Мэл знал о моей матери, я долго рассказывала ему о ней на одной из наших посиделок до рассвета с пивом и чипсами, когда мы выходили потные из репетиционного зала, чтобы заглянуть в остерию на улице Фондацца. Его мать умерла, когда ему было десять лет.
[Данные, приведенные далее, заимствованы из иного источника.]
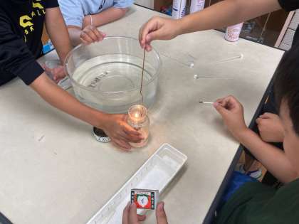 空気の中で、ものを燃やすことのできる気体を調べました。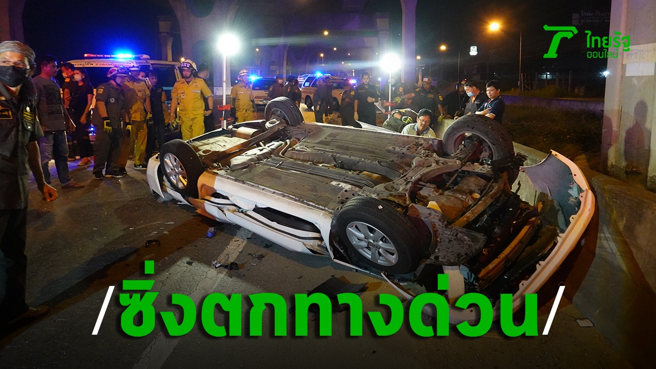 เก๋งซิ่งเลยแยกเบี่ยงลงทางด่วน หักเลี้ยวกะทันหัน ไม่พ้นชนแบริเออร์ พุ่งตกทางด่วน หงายท้องล้อชี้ฟ้า หลังคาพังยุบ หนุ่มคนขับดับสนิทคาซาก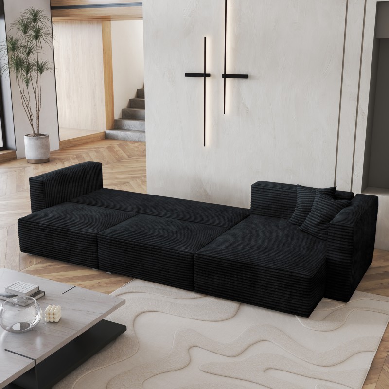 Masseno Narożnik TOLMO z funkcją spania i pojemnikiem na pościel Narozniki L, Rozkładana sofa - Czarny, TILIA 100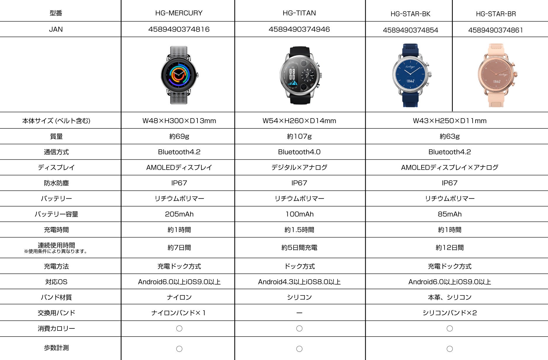 販売は全国のドン・キホーテ系列店舗(一部店舗を除く)でスタートしており、「Mercury α」「TITAN」「Star」という3タイプを展開。それぞれが独自の魅力を持ち、健康管理から通知機能、ライフスタイルのサポートまで、幅広く活躍してくれます。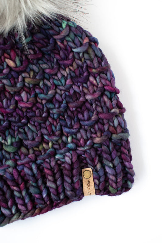 Purple Multi-Color Merino Wool Knit Hat with Faux Fur Pom Pom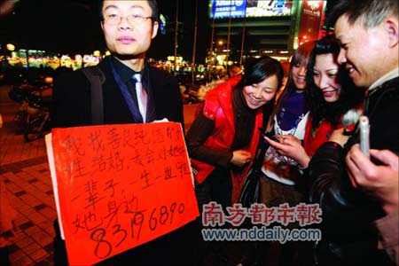 廣東一男子鬧市舉牌欲尋善良純潔女性結(jié)婚(圖)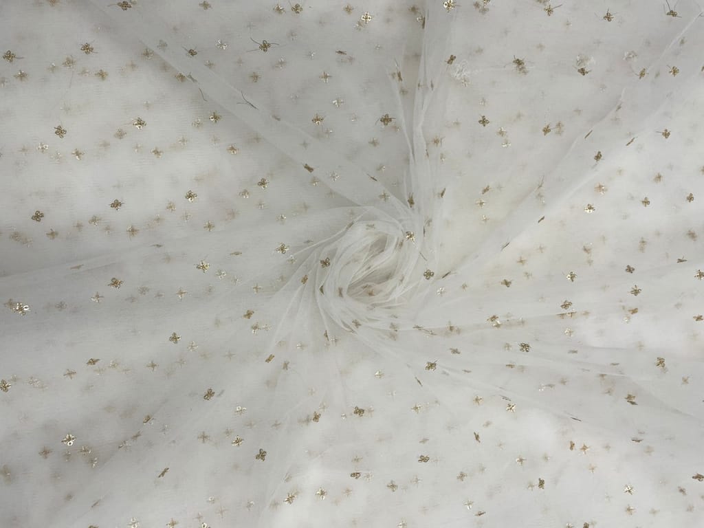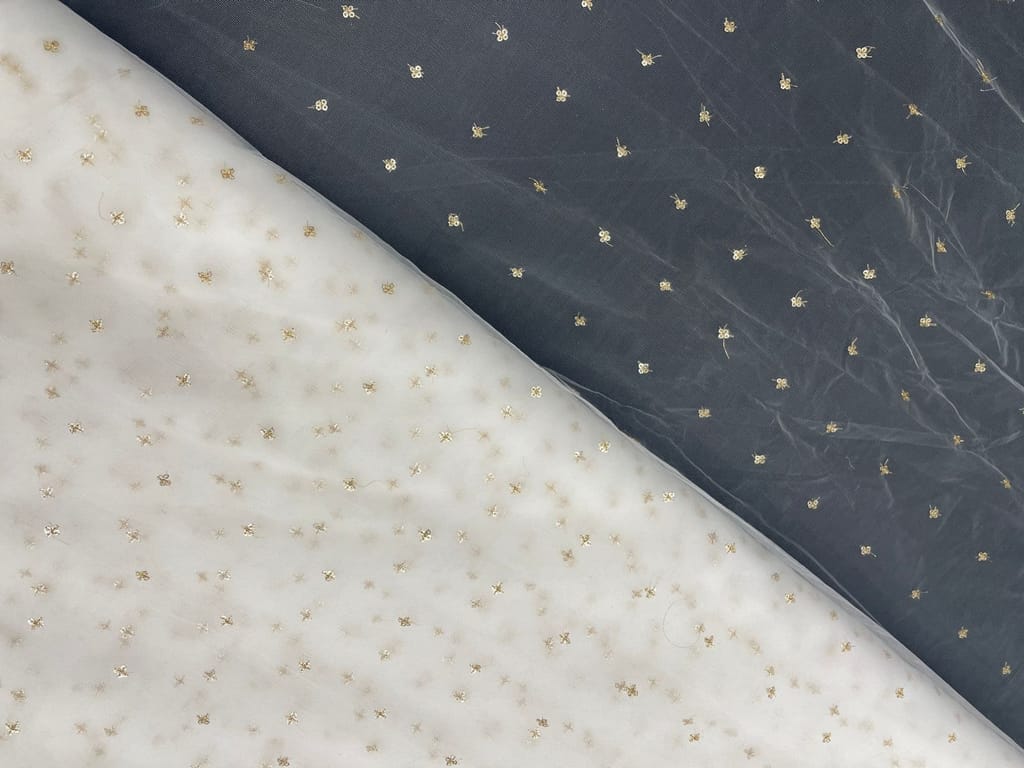| Fabric Name | Gold Dyeable Butti Embroidered Net Fabric |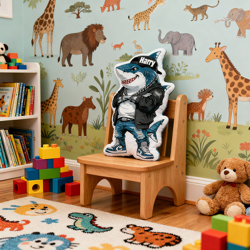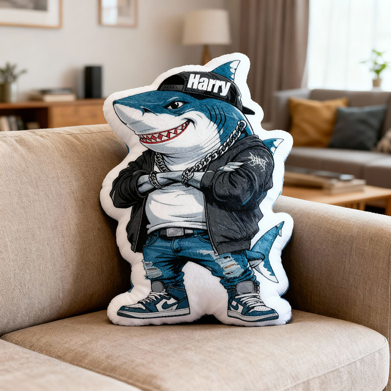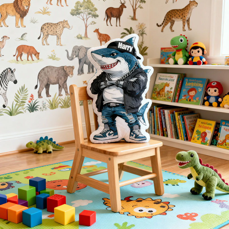 Cojín personalizado con nombre en forma de tiburón. Un regalo delicado para niños.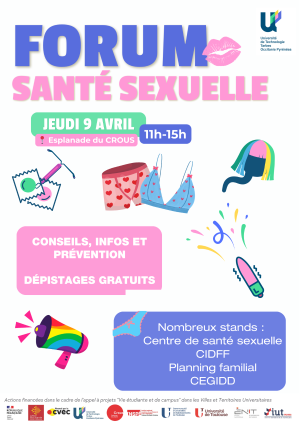 De 11h00 à 15h00 retrouvez sur l'esplanade du CROUS de nombreux organismes comme le centre de santé sexuelle, le CIDFF, le Planning familial, le CEGIDD, … Animations, échanges, dépistages et distribution de culottes menstruelles prévus.

Вечером, прежде чем умереть, она стала готовить сладости.
— Она чувствовала, что эта ночь будет для нее последней, — сказал он.
Тогда я спросила себя, почему у меня не было такой матери, как у Мэла, которая готовила сладости для своих детей и которая умерла, потому что судьба уготовила ей ужасную болезнь.
Мэл похлопал меня по плечу и заказал джин с лимоном.
— Два, — уточнила я бармену с многочисленными косичками на голове и пирсингом на брови.
— Я познакомился с одной девицей из Мюнхена, сегодня мы с ней встречаемся. Ей двадцать два года, и я уже представляю сцену, когда она меня съест и только косточки выплюнет. Что еще можно ждать от девицы, которая слушает «New Radicals»? — доверительно произнес он.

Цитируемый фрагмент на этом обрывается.